- Em Texas, o condenado James Garfield Broadnax, de 2009, teve letras de rap citadas durante a decisão de aplicação da pena de morte.
- A maioria do júri era branca e, durante as deliberações, pediu para revisar 40 páginas das letras de Broadnax duas vezes.
- Amici curiae de Killer Mike, T.I., Young Thug, Fat Joe e outros artistas defendem que o uso das letras foi inconstitucional e amplifica preconceito contra rap.
- O advogado de Travis Scott apresentou um briefing semelhante, afirmando que a expressão artística protegida pela Primeira Emenda não pode ser usada para prever propensão criminal.
- Ambos os documentos pedem ao Supremo Tribunal Federal que revise o caso e determine limites constitucionais sobre usar letras de rap como evidência.
O caso envolve a possibilidade de revisar o uso de letras de rap como evidência em uma sentença de pena de morte. O réu é James Garfield Broadnax, condenado em 2009 por assassinatos durante um assalto no entorno de Garland, Texas. A defesa argumenta que as letras foram usadas de forma inadequada para influenciar o veredito.
A controvérsia ganhou repercussão após a defesa apresentar recursos à Suprema Corte dos EUA. Broadnax está no corredor da morte, com a execução prevista para o próximo mês. Atenção especial é voltada para a forma como as letras foram apresentadas durante as deliberações do júri, que incluíram a leitura de páginas de letras manuscritas.
Artistas de peso no hip hop, entre eles Killer Mike, T.I., Young Thug e Fat Joe, assinaram um amicus curiae defendendo Broadnax. O próprio rapper Travis Scott também apresentou um amicus ao tribunal, contestando o uso de letras de rap no julgamento.
Apoio de artistas e implicações constitucionais
Os colegas de música argumentam que as letras são ficção, não autobiografia, e que a criminalização do rap restringe a liberdade de expressão. O grupo sustenta que as letras foram usadas para alimentar preconceitos raciais e antipragas, influenciando a percepção de perigo do réu.
A defesa de Scott descreve o uso das letras como uma penalização de conteúdo com base no gênero musical, apontando que o rap é amplamente protegido pela Primeira Emenda.

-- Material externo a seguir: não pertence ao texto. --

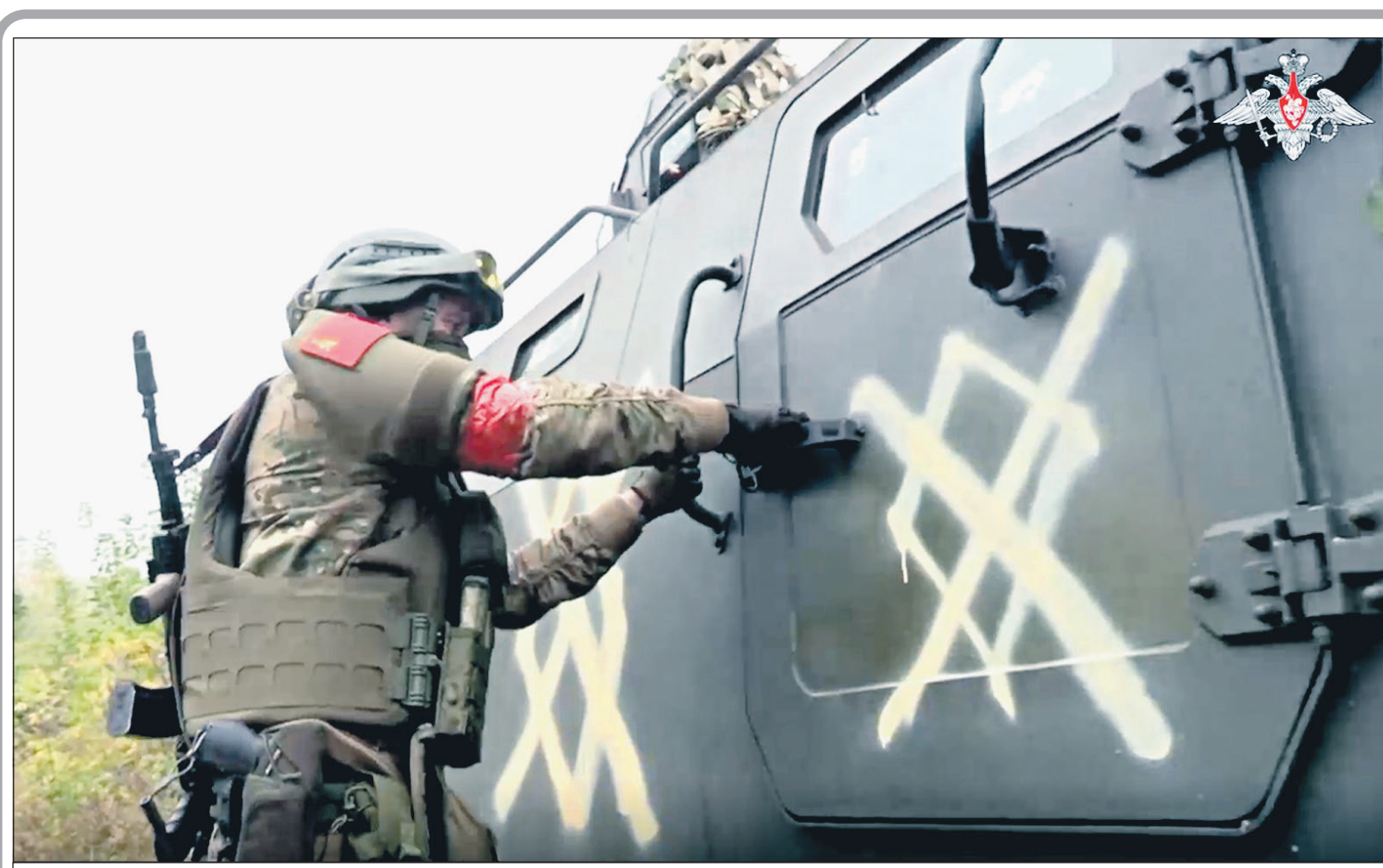
Десантник у трофейного броневомобиля «Козак» в Курской области.

«Собранные вместе, эти работы раскрывают круг проблем, волновавших художников и общество, обозначают особенности их творческого метода и намекают на путь в искусство последней трети XIX – начала XX века. Критические высказывания современников раскрывают о сложности восприятия, а хроника деятельности товарищества и архивные документы воссоздают историю в фактах и покажут многогранность деятельности товарищества как независимого просветительского объединения художников», – говорится в сообщении на сайте Третьяковской галереи.
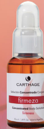
Concentrado Firmeza x 50cc.

Tratamiento para la flacidez persistente.
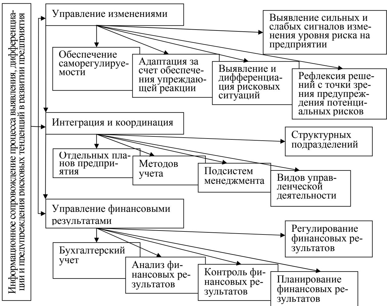
Рис. 2. Иерархия уровней функций и подфункций контроллинга

На основе анализа и синтеза концептуальных характеристик и свойств экономических категорий «контроллинг» и «риск» сущность понятия «контроллинг рисков» определяется как система информационного обеспечения процесса принятия менеджментом стратегических и оперативных управленческих решений по предотвращению влияния рисков на деятельность предприятия для обеспечения и реализации основных целей его развития. Исходя из определения сущности контроллинга рисков, основной функцией данной системы будет являться информационное сопровождение процесса выявления, дифференциации и предупреждения рисков тенденций в развитии предприятия, декомпозиция которой на дерево функций и подфункций контроллинга рисков представлена на рисунке 2.

Os recursos pedem que a Suprema Corte esclareça limites constitucionais sobre a utilização de expressão artística como evidência de propensão criminosa.
Advogados de Broadnax afirmam que as letras não foram usadas nas etapas de culpa ou inocência, e sim para intensificar vieses raciais. O material é considerado irrelevante para o veredito final, segundo os argumentos apresentados aos tribunais federais.
Pedidos também ressaltam que o caso expõe dificuldades sobre o tratamento de obras culturais minoritárias no sistema judicial. O movimento busca, em última instância, um exame mais cuidadoso dos critérios para utilizar artes como evidência criminal em processos futuros.
As duas peças legais, de Killer Mike e de Scott, pedem que a Suprema Corte conceda uma revisão do caso, conhecida como Writ of Certiorari, para reavaliar decisões de tribunais inferiores. A decisão final pode definir precedentes sobre o tema.